In accoglimento della richiesta congiuntamente avanzata dall’imputato e dal p.m., il g.i.p. del Tribunale di Trieste condannava l’imputato alla pena di due anni e sei mesi di reclusione, condizionalmente sospesa per i reati di violenza sessuale aggravata.

Contro tale pronuncia il Procuratore Generale presso la Corte d’Appello ha proposto ricorso per cassazione, affidandosi ad un unico motivo: la violazione dell’art. 444 c.p.p., comma 1-bis.

Il delitto di violenza sessuale aggravata è compreso nell’elenco dei reati per i quali è espressamente escluso l’accesso al c.d. “patteggiamento allargato”.

Ciononostante, il Gip aveva ammesso l’imputato al rito speciale.

La Terza Sezione Penale della Cassazione (sentenza n. 20483/2019) ha accolto il ricorso, ricordando che il “patteggiamento allargato” – ossia il caso in cui la pena detentiva applicata su accordo delle parti è superiore a due anni, soli o congiunti a pena pecuniaria, ma non a cinque anni – è precluso per i procedimenti aventi ad oggetto una serie di delitti espressamente indicati dall’art. 444 c.p.p., comma 1-bis, tra cui quelli di cui agli artt. 609-bis e 609-ter c.p., nonchè in relazione a determinate tipologie delinquenziali, come nel caso di recidivo reiterato.

E difatti, secondo il costante indirizzo giurisprudenziale, è affetta da nullità, in quanto applica una pena illegale, la sentenza di patteggiamento cosiddetto “allargato” nei confronti di persona cui sia stata contestata la recidiva reiterata.

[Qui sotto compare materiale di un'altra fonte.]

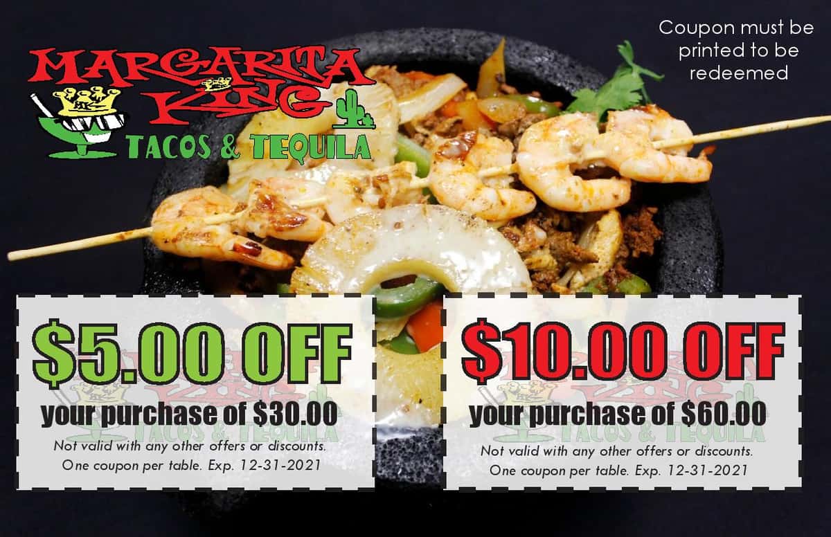 10 Off 60 Or More Coupons Margarita King Mexican Grill Cantina Mexican Restaurant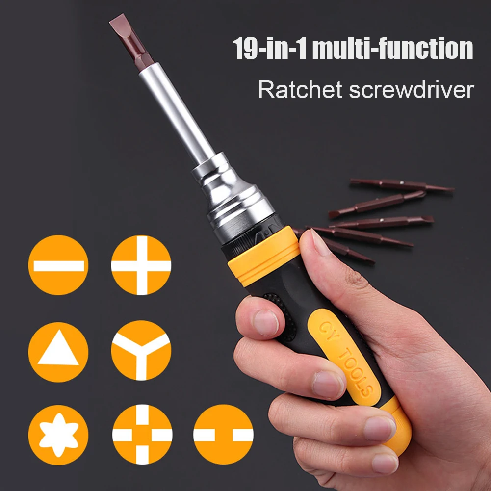 Detachable 19 in 1 Two-Way Ratchet Screwdriver Anti Slip Handle Multi-Purpose Screw Driver Replaceable Household Toy Fan Repair Tool

Un principio del genere continua a trovare applicazione anche a seguito della novella dell’art. 448 c.p.p., comma 2-bis, introdotta con la L. 23 giugno 2017, n. 103, a tenore del quale il pubblico ministero e l’imputato possono proporre ricorso per cassazione contro la sentenza emessa ai sensi dell’art. 444 c.p.p. “solo per motivi attinenti l’espressione della volontà dell’imputato, al difetto di correlazione tra la richiesta e la sentenza, all’erronea qualificazione giuridica del fatto e all’illegalità della pena o della misura di sicurezza”.

Ebbene, stante lo sbarramento posto dall’art. 444 c.p.p., comma 1-bis e l’errore commesso dal g.i.p., la riduzione della pena applicata doveva, pertanto, considerarsi illegale (in quanto non dovuta).